Review all three documents:

  • After any major life change (marriage, divorce, birth, death of a named person)
  • When named agents or beneficiaries move, become unavailable, or you lose trust in them
  • When laws change significantly (your attorney or a periodic legal review can flag this)
  • At minimum every 5 years, regardless of changes

A will from before you had children, before you owned property, or before you got married may be technically valid but practically wrong. Review it.

Sources

  1. American Bar Association — Will, Trust, and Estate Planning
  2. Caring.com — Advance Directive Laws by State

Frequently Asked Questions

Do I really need a lawyer to make a will, or can I use an online service?

For simple estates (no business ownership, no complicated asset mix, no blended families, minor estate tax concerns), online legal services (LegalZoom, Trust & Will, Nolo) produce legally valid documents in most states for $100-300. For anything complex — business interests, special needs dependents, significant assets, property in multiple states — a licensed estate attorney is worth the cost. The mistake is not having a will at all.

What happens if I die without a will?

You die intestate. The state's default rules determine who gets what. In most states, assets pass to the surviving spouse and then children in proportions determined by law, not your wishes. If you're unmarried, assets may go to parents or siblings rather than a partner. Guardianship of minor children goes to whoever the court appoints.
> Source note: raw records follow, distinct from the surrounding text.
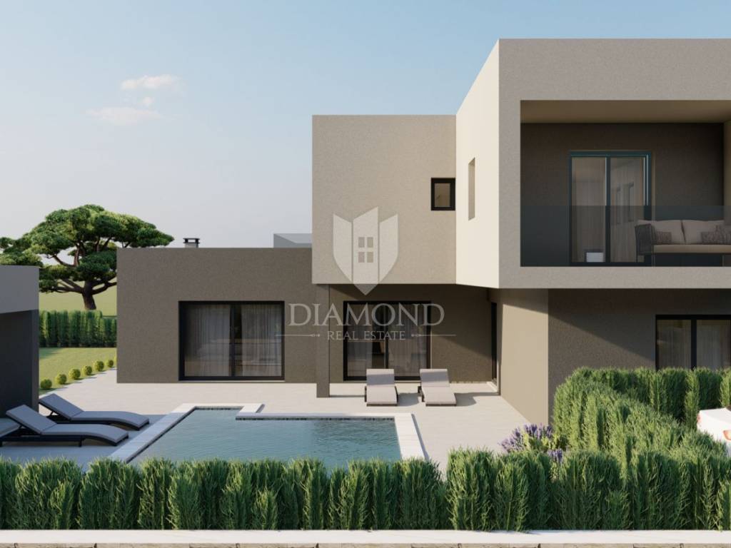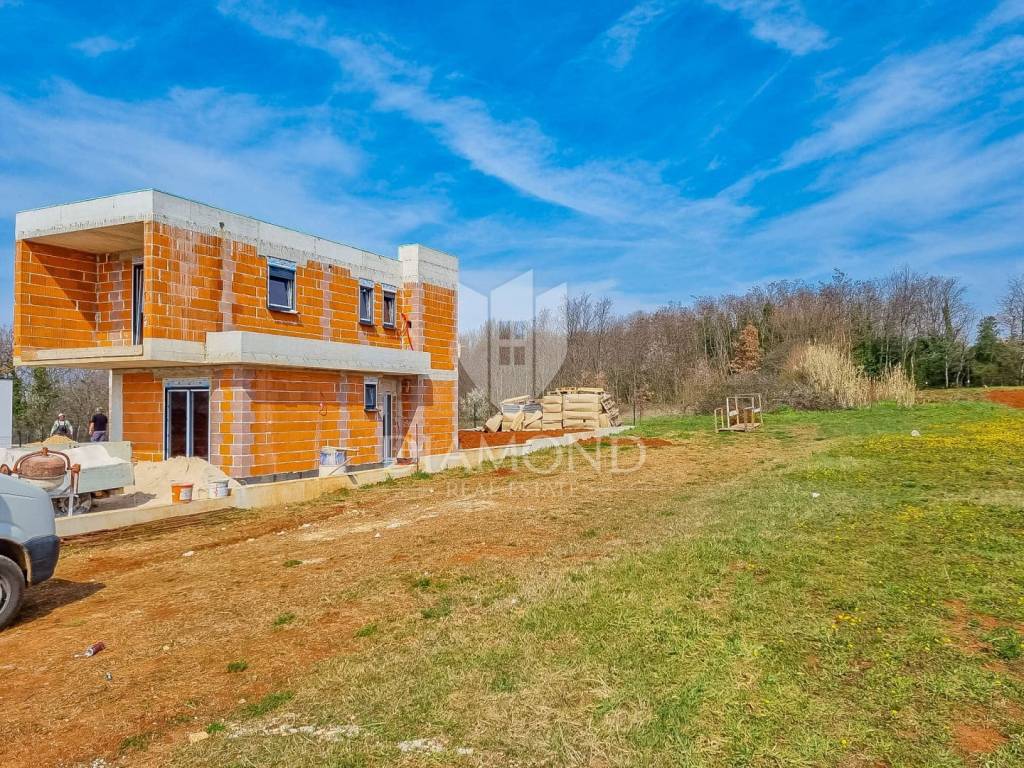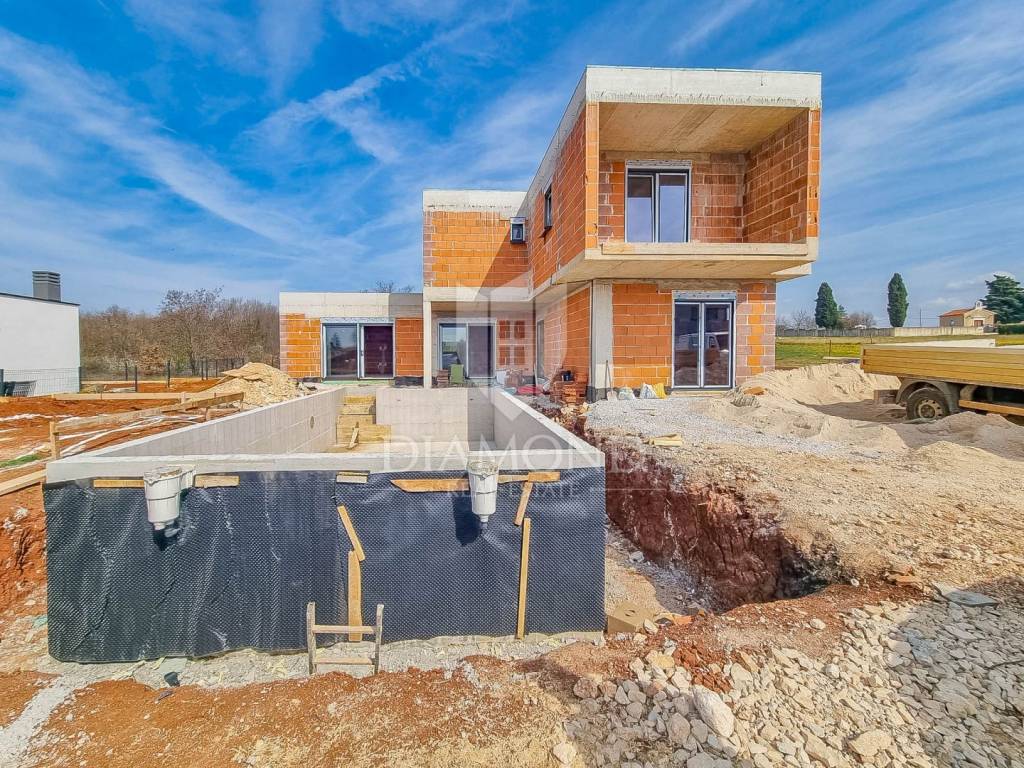 U manjem mjestu u zaleđu Poreča prodaje se ova atraktivna i moderna kuća u izgradnji sa bazenom!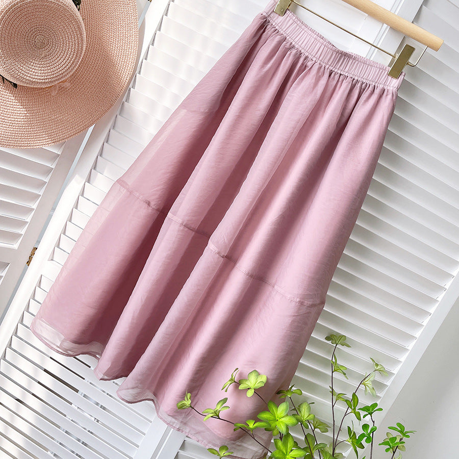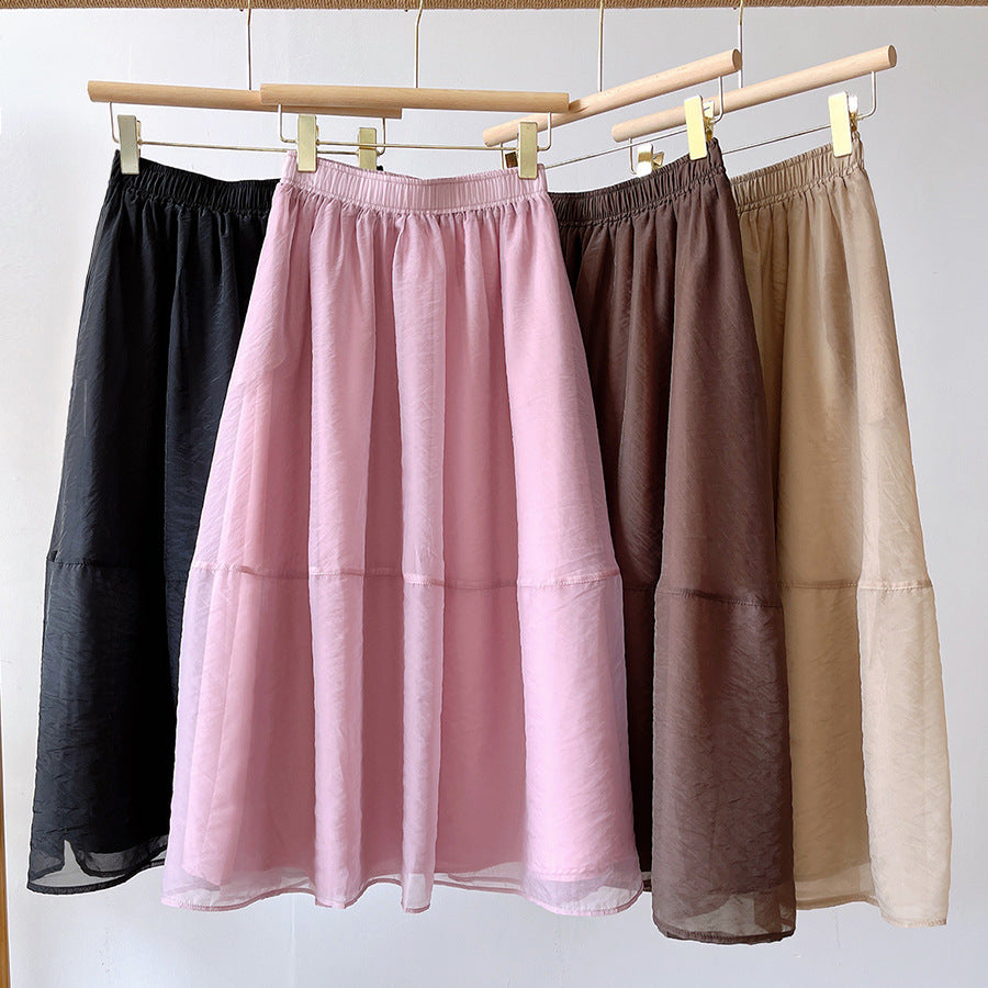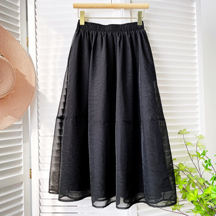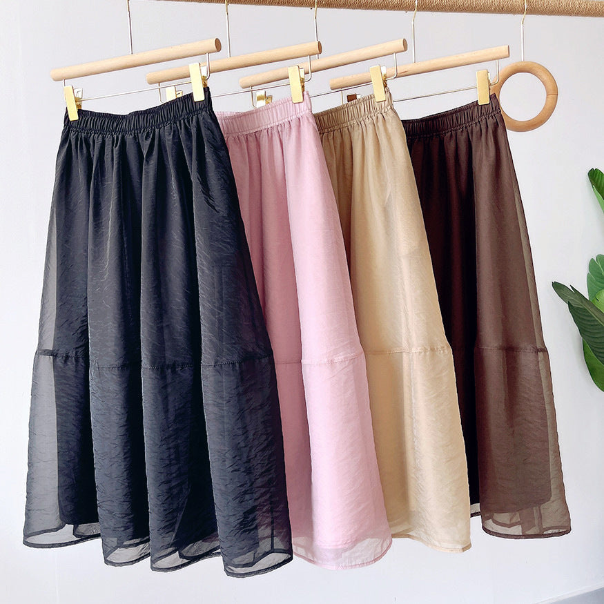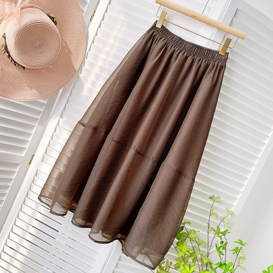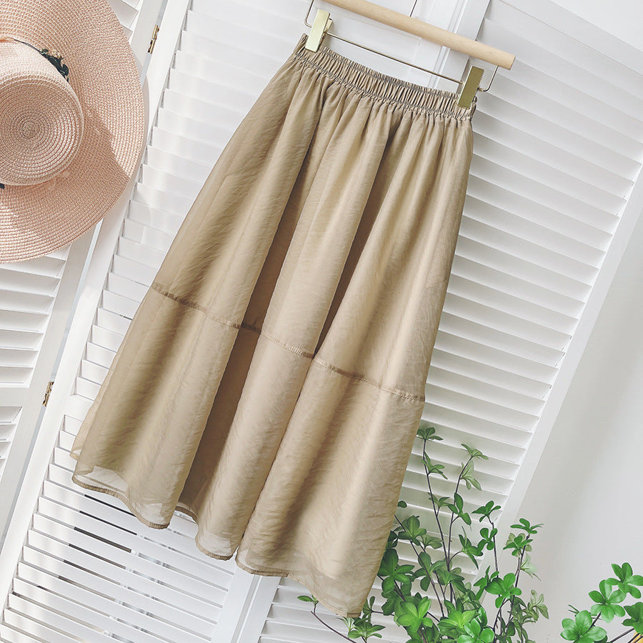Midi Skirt Women New High Waist Bubble Skirt Retro Hepburn Simple Elegant Umbrella Skirt
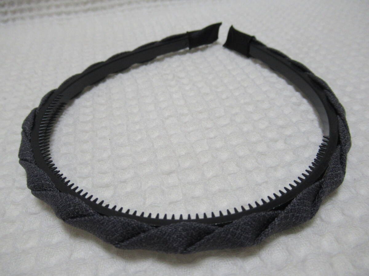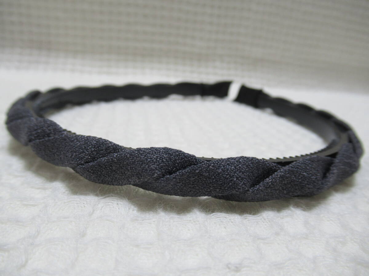グレー系色生地のナワアミ型 細いカチューシャ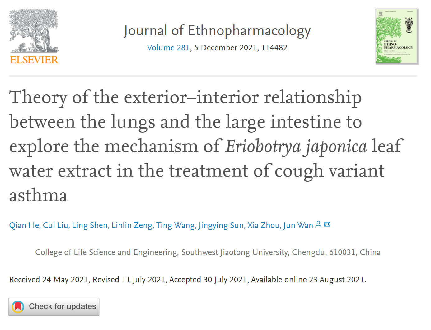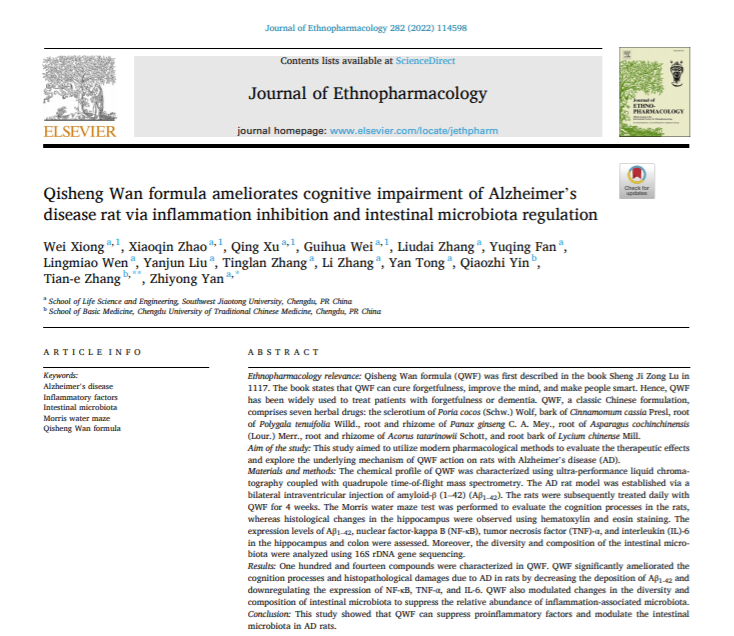 正妹av 闫智勇教授课题组在中药药理学权威期刊《JOURNAL OF ETHNOPHARMACOLOGY》上发表高水平论文

A will costs you a few hundred dollars and a few hours. The absence of one costs your family enormously.

What is the difference between a healthcare directive and a Do Not Resuscitate (DNR) order?

A healthcare directive (or advance directive) is a document you create in advance that expresses your wishes for medical treatment if you can't speak for yourself. A DNR is a specific medical order, signed by a physician, instructing medical staff not to perform CPR. You can express DNR preferences in your directive, but a legal DNR order must come from a physician. POLST (Physician Orders for Life-Sustaining Treatment) forms serve a similar purpose and carry the weight of a medical order.